Un de plus! Le groupe des responsables politiques de premier plan appelant à la légalisation du cannabis compte un membre supplémentaire en la personne de l’actuel président colombien Juan Manuel Santos. Un membre des plus éminents puisque, jusqu’à présent, le club était essentiellement composé de retraités et que le chef d’Etat colombien, premier producteur de cocaïne au monde et gros exportateur de marijuana, est bien placé pour parler drogues.
Parmi ces « nouvelles approches », Juan Manuel Santos propose donc la légalisation de la marijuana « à condition que tout le monde le fasse en même temps ». A la remarque du journaliste qui souligne qu’il faudra bien que quelqu’un commence, le Président répond: « Oui, et ce ne sera pas moi. » En effet, souligne-t-il, la question des drogues est en Colombie une question de sécurité nationale: « Le trafic de drogues finance la violence et les groupes armés dans notre pays. Je serai crucifié si je faisais le premier pas. » Et de suggérer que les Etats-Unis et l’Europe seraient bien mieux placés pour faire cela, puisque les drogues n’y sont « que » des questions de santé publique et de petite criminalité…
Aucun laxisme toutefois dans les propositions de celui qui fût jusqu’à l’année dernière ministre de la Défense d’Alvaro Uribe, président qui mena une guerre sans relâche à la drogue et aux groupes armés, au prix de nombreuses entorses aux droits de l’homme. Pour Juan Manuel Santos, la légalisation de la marijuana ne doit permettre que de concentrer les efforts internationaux sur la lutte contre les trafics de cocaïne ou d’héroïne, qui doit être renforcée.
Juan Manuel Santos rejoint dans ce combat d’anciens chefs d’Etat latino-américains, continent qui a énormément souffert du trafic de drogues à destination des pays du Nord. Au mois de juin, dix-neuf personnalités internationales de premier plan réunies au sein de la Global Comission on Drug Policy appelaient ainsi à une légalisation contrôlée de la marijuana et à des mesures sanitaires pour le traitement des toxicomanes aux drogues dures. L’appel avait été signé, entre autres, par les anciens présidents mexicain Zedillo, brésilien Cardoso, colombien Gaviria et suisse Dreifuss, par l’ancien secrétaire général de l’ONU Kofi Annan ou encore par Louise Arbour, Javier Solana, Richard Branson, Mario Vargas Llosa…

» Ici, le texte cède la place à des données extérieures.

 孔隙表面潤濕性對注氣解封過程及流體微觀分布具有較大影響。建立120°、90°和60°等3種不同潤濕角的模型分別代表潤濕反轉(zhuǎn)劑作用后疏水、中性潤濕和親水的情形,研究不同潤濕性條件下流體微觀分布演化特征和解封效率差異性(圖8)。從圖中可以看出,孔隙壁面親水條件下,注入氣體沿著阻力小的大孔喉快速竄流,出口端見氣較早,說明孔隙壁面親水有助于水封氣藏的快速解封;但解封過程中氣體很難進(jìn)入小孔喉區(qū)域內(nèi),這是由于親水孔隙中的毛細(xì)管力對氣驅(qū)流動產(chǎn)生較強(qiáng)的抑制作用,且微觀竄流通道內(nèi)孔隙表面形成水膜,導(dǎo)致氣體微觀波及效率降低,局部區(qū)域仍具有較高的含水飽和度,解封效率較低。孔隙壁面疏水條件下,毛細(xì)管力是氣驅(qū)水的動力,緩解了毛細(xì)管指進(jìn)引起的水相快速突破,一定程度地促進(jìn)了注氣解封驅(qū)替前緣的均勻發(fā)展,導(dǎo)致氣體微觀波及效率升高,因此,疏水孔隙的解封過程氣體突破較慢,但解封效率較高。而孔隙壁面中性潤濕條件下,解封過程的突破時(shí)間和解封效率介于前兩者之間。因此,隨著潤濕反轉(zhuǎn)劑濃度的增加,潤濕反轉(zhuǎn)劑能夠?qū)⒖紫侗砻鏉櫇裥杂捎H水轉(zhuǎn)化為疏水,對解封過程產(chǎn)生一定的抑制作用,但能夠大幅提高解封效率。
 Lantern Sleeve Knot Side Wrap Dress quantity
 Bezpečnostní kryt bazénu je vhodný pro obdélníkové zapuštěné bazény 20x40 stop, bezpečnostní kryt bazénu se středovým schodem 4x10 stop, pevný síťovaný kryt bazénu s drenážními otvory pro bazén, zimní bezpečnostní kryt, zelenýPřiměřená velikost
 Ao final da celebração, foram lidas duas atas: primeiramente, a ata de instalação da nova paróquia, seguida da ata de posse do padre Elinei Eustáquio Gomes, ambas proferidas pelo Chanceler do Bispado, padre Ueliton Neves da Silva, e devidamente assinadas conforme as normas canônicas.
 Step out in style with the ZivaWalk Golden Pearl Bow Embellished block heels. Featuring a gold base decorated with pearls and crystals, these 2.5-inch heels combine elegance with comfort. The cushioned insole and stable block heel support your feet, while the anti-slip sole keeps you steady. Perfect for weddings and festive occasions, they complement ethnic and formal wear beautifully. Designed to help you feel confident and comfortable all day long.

Un seul gouvernant en exercice avait signé cet appel: le Grec Papandréou, qui n’en est pas resté au stade des déclarations puisque son pays a, depuis, annoncé la décriminalisation de toutes les drogues. Samedi, c’était au tour du parti de gauche allemand Die Linke de se prononcer pour une légalisation, à terme, de l’usage de toutes les drogues.

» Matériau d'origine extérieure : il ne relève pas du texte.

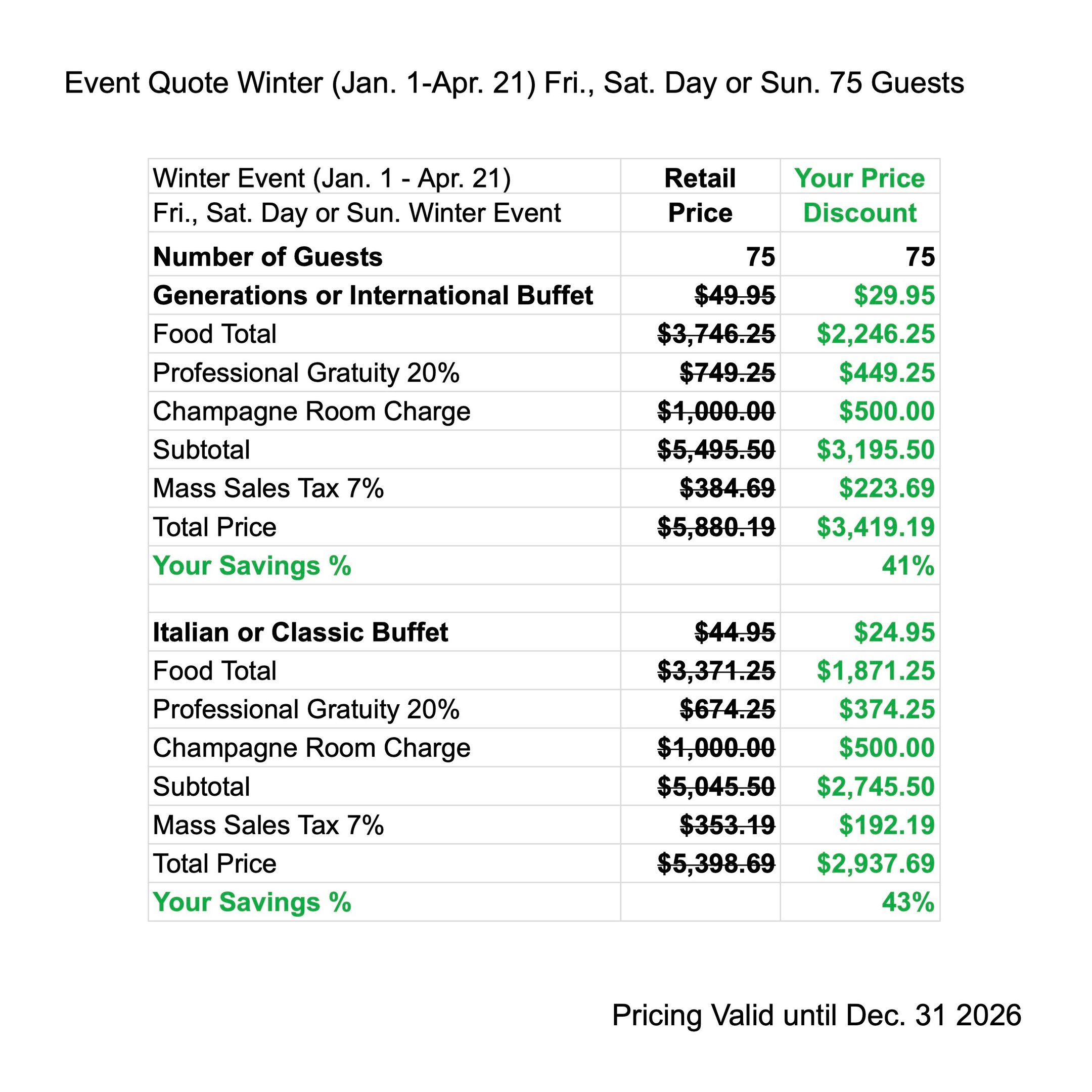 Enjoy our largest discounts when you have your Winter Event from Jan. 1 - Apr. 21. The price quote includes your buffet menu, waitstaff gratuity, linen, room charge & tax.
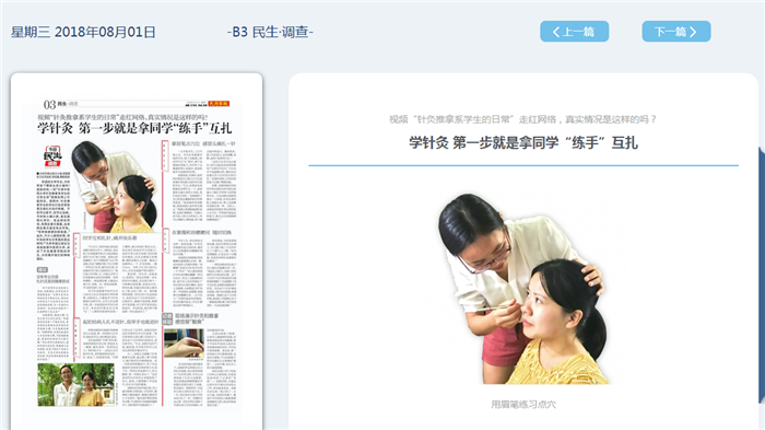 对于针灸推拿学院学生自己给自己扎针灸提神应考的事情,金银表示,只要是学习针灸推拿专业的学生,从学习专业课开始,第一步就是给同学间互相扎针,考试的时候也会互相“扎”。“上课的时候老师会找一个模特,演示给我们看怎么扎,然后我们再找同学互相练习。虽然平常大家互相练习的时候也有躲的,但其实都能互相理解,痛的话都自己忍着。痛也只是痛那么一下,针也很细,一般0.35mm。当然,开心也只是内心开心,扎针还是要严肃认真的。”
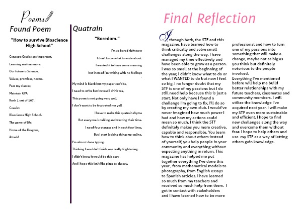 , through both, the STF and this magazine, have learned how to think critically and solve small challenges along the way. I have managed my time effectively and have been able to grow as a person. I was so small at the beginning of the year, I didn't know what to do or what I WANTED to do but now I feel so big, I no longer doubt that my STF is one of my passions but I do still need help because this is just a start. Not only have I found a challenge I'm going to fix, I'll do so by creating my own club. I would've never imagined how much power I had and how my actions could mean so much. I think the STF definitely makes you more creative, capable and responsible. You learn how to think about others instead of yourself, you help people in your community and everything without expecting anything in return. This magazine has helped me put together everything I've done this year , from mathematical models to photography, from English essays to Spanish articles. I have learned so much from my teachers and received so much help from them. I got in contact with stakeholders and I have learned how to be more
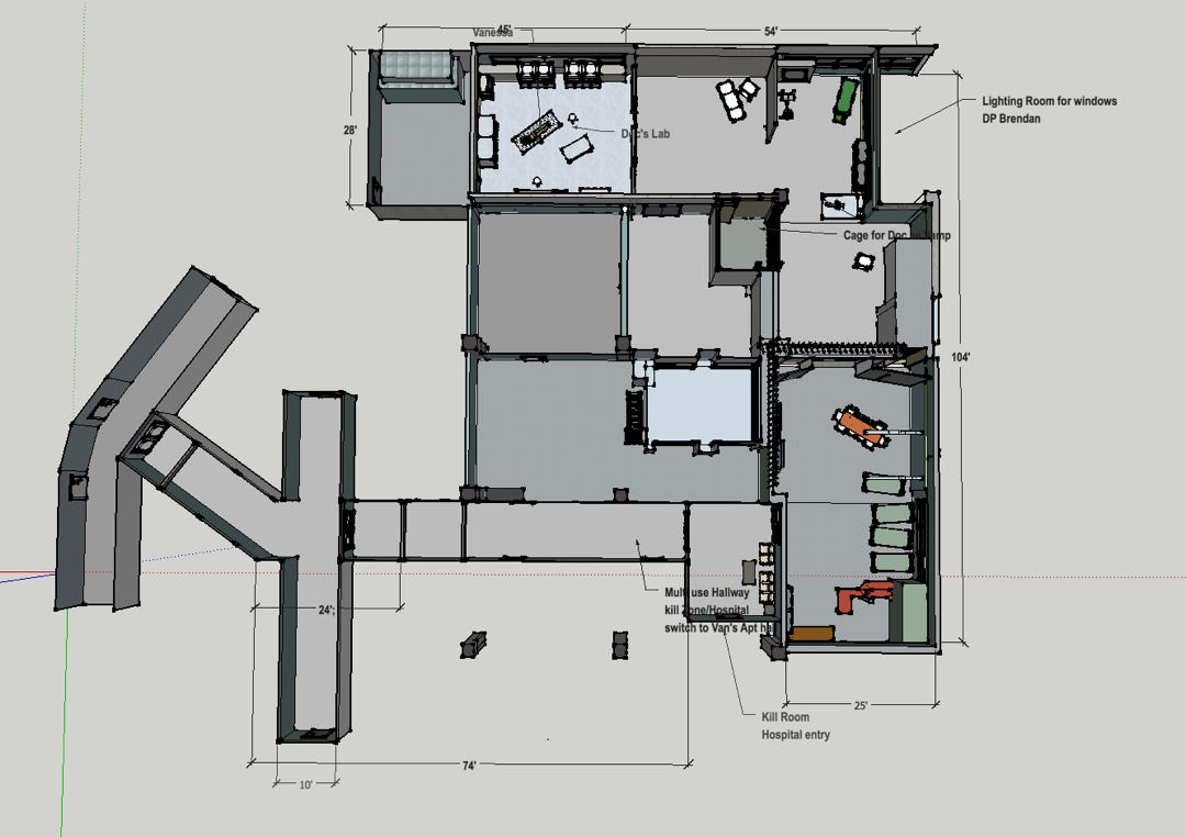We had the amazing studio space in the empty Georgia Postal Building, an incredible space to use as a Vampire’s playground. My teams and I repurposed the 3rd floor to be the hospital both pre and post apocalypse.. It was a very big set but we shot the hell out of it and it looked and functioned great…..

La France n’est pas en reste. Pendant la campagne des primaires socialistes, Martine Aubry s’est déclarée pour la dépénalisation du cannabis, une première pour un dirigeant du PS, tandis qu’un rapport sur la légalisation contrôlée, signé de l’ancien ministre de l’Intérieur Daniel Vaillant, attend toujours sur le bureau du groupe socialiste à l’Assemblée.